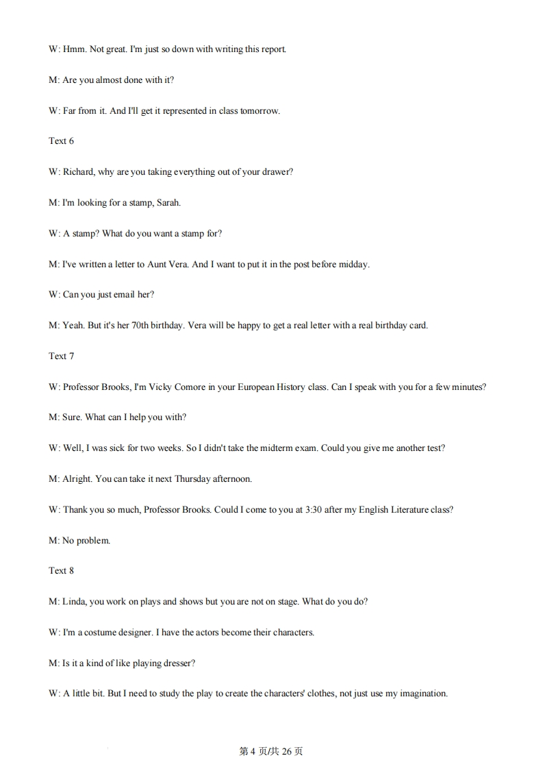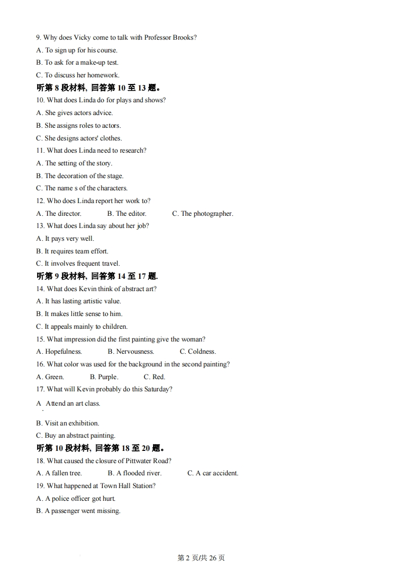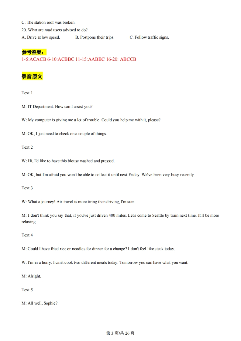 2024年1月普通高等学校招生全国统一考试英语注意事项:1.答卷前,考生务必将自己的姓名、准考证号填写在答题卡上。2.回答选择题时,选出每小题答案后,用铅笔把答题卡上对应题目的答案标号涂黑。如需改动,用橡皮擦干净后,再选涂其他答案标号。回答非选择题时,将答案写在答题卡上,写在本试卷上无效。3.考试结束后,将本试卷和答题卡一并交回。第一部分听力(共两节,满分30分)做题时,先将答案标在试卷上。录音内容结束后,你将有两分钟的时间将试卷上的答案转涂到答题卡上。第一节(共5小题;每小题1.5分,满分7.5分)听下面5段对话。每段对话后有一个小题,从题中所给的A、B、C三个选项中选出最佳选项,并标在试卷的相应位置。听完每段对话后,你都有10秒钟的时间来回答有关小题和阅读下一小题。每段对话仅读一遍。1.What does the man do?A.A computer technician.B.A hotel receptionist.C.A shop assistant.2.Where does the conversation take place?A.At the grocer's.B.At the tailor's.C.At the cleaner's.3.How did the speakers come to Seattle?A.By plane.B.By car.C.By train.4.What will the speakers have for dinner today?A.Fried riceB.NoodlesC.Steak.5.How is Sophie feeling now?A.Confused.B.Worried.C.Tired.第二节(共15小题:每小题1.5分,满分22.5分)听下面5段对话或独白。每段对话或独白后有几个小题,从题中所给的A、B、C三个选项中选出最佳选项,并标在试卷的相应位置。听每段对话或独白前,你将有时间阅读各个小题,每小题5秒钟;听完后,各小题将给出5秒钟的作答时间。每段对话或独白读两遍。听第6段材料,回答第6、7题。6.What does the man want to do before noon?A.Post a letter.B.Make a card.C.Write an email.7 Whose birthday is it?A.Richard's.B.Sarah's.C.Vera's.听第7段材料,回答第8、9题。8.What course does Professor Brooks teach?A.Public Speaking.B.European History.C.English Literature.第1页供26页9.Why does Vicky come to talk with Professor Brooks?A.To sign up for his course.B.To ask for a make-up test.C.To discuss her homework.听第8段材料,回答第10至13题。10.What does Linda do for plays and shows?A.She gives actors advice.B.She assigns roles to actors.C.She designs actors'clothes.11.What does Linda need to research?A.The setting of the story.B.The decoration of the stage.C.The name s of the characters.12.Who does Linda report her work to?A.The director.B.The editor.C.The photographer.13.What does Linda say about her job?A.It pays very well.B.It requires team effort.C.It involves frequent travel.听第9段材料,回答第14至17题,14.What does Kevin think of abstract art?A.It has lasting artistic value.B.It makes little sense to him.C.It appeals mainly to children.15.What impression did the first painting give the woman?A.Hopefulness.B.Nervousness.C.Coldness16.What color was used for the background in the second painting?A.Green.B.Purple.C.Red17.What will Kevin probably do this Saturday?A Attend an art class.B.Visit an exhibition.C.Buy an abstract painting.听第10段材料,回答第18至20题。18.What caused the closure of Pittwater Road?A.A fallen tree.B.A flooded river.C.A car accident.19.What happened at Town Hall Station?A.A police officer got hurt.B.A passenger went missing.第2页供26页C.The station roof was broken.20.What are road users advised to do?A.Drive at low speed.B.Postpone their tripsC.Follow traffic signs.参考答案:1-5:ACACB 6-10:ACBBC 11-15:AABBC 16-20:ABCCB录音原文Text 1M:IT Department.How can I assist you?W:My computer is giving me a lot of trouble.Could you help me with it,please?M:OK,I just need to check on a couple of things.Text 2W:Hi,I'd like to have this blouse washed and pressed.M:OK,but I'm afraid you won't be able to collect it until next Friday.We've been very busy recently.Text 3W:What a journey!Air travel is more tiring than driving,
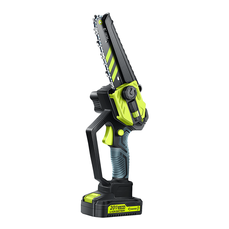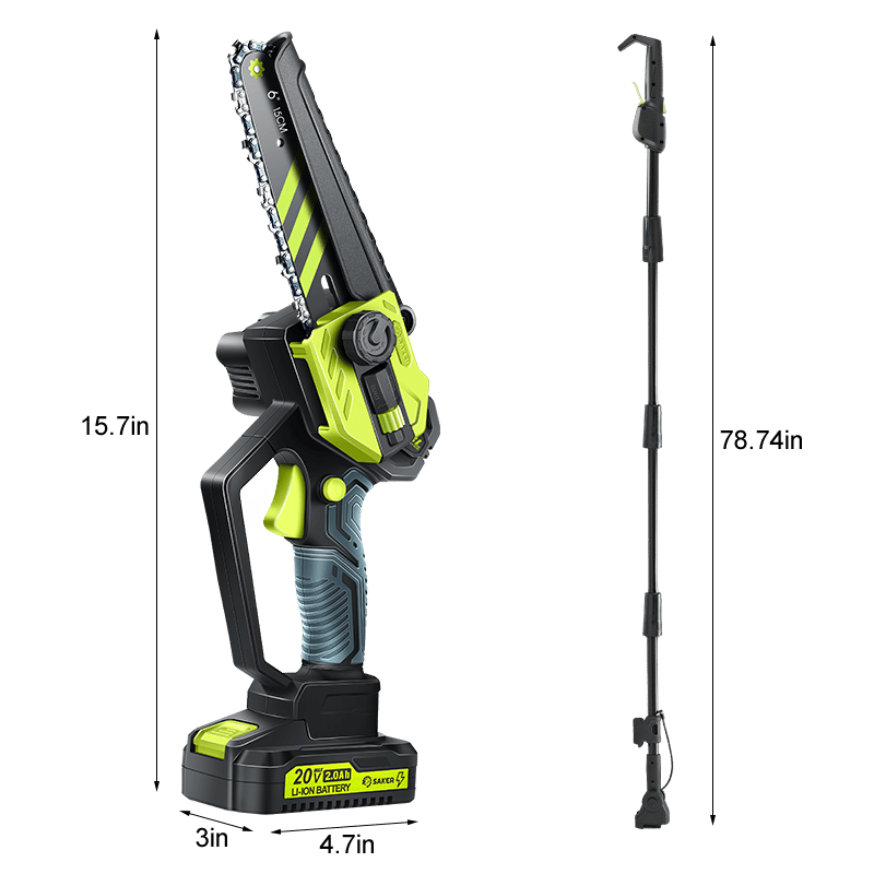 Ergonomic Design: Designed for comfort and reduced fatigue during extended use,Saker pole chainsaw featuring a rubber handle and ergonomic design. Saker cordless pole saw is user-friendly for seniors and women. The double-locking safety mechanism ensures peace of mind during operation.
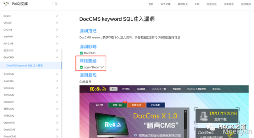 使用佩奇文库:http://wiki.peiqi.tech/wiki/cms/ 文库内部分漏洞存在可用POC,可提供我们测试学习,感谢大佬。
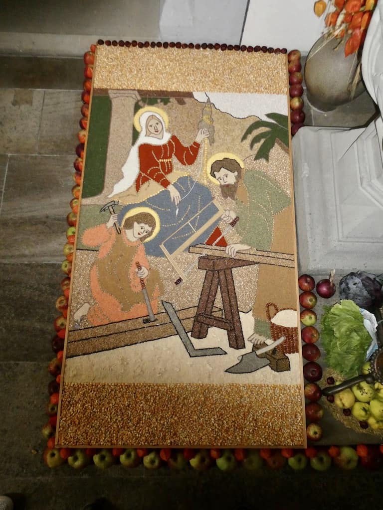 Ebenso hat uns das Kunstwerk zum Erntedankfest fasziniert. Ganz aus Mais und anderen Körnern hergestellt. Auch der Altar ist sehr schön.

---

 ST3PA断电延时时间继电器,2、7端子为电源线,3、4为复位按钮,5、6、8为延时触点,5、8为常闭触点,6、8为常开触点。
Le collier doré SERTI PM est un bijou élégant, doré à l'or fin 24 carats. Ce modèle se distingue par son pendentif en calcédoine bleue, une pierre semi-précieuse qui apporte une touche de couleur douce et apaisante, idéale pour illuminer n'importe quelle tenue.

- PROBLEM STATEMENT:
Give back the exact lines above, running from the one that has "Ergonomic Design: Designed" through the one that has "Ebenso hat uns", with nothing added and no pictures.

- EXERCISE OUTPUT:
 Ergonomic Design: Designed for comfort and reduced fatigue during extended use,Saker pole chainsaw featuring a rubber handle and ergonomic design. Saker cordless pole saw is user-friendly for seniors and women. The double-locking safety mechanism ensures peace of mind during operation.
 使用佩奇文库:http://wiki.peiqi.tech/wiki/cms/ 文库内部分漏洞存在可用POC,可提供我们测试学习,感谢大佬。
 Ebenso hat uns das Kunstwerk zum Erntedankfest fasziniert. Ganz aus Mais und anderen Körnern hergestellt. Auch der Altar ist sehr schön.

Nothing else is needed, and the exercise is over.